ECLI:NL:HR:2008:BG1117
Hoge Raad
- Cassatie
- J.B. Fleers
- O. de Savornin Lohman
- A. Hammerstein
- F.B. Bakels
- W.D.H. Asser
- E.J. Numann
- Rechtspraak.nl
Bevoegdheid van curator in faillissement van moedermaatschappij en rechten verbonden aan aandelen in dochtermaatschappij
In deze zaak gaat het om de bevoegdheid van de curatoren in het faillissement van Air Holland Charter B.V. (AHC) en de vraag of zij de rechten kunnen uitoefenen die verbonden zijn aan de aandelen in de dochtermaatschappij. De curatoren, mr. Marinus Pannevis en mr. Lambertus Johannes van Apeldoorn, hebben AHC gedagvaard voor de rechtbank Haarlem en vorderden betaling van een aanzienlijk bedrag, alsook aansprakelijkheid van verschillende betrokkenen wegens onbehoorlijke taakvervulling. De rechtbank heeft de vorderingen afgewezen, waarna de curatoren in hoger beroep gingen. Het gerechtshof te Amsterdam bekrachtigde het vonnis van de rechtbank, wat leidde tot cassatie bij de Hoge Raad.
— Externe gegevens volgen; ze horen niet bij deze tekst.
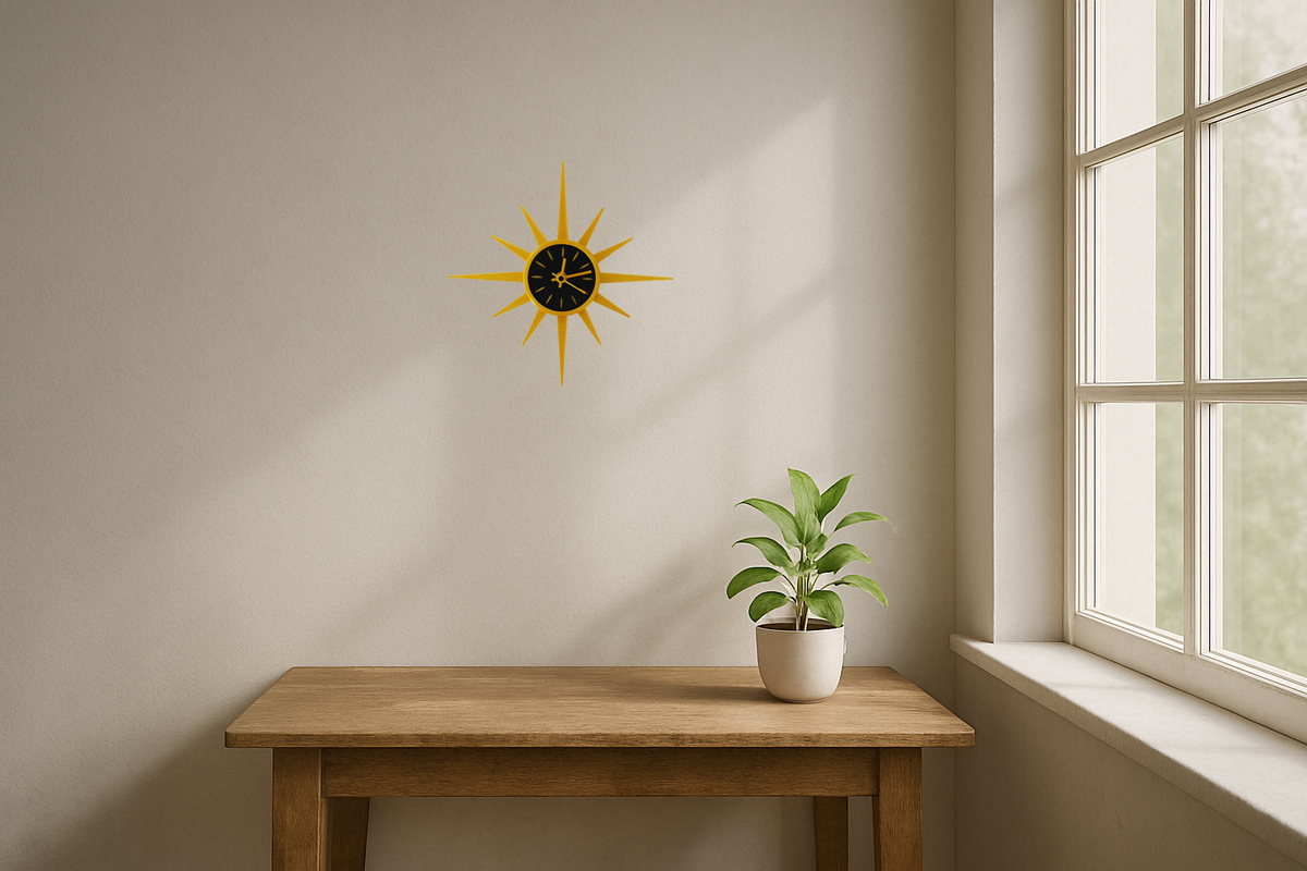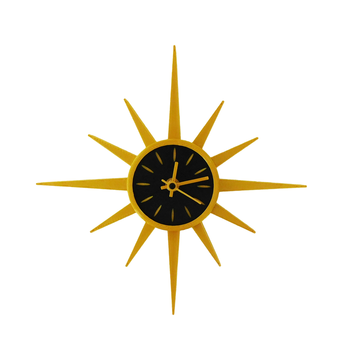 Mid Century Modern Sunburst Wall Clock – 11" Retro Starburst Clock 3D Printed

De Hoge Raad oordeelt dat de curatoren in het faillissement van de moedermaatschappij op grond van artikel 68 van de Faillissementswet bevoegd zijn om de rechten uit te oefenen die verbonden zijn aan de onder hun beheer vallende aandelen in de dochtermaatschappij, mits dit past bij een goed beheer van de boedel. De Hoge Raad verwerpt het principale beroep van de curatoren en oordeelt dat de rechtbank en het hof correct hebben geoordeeld over de bevoegdheden van de curatoren en de gevolgen van de rechtshandelingen die zijn verricht. De curatoren worden veroordeeld in de kosten van het geding in cassatie.
De zaak benadrukt de complexiteit van faillissementsrecht en de verantwoordelijkheden van curatoren, vooral in situaties waar meerdere vennootschappen betrokken zijn. De uitspraak biedt duidelijkheid over de reikwijdte van de bevoegdheden van curatoren in faillissementen en de voorwaarden waaronder zij rechten kunnen uitoefenen die verbonden zijn aan aandelen in dochtermaatschappijen.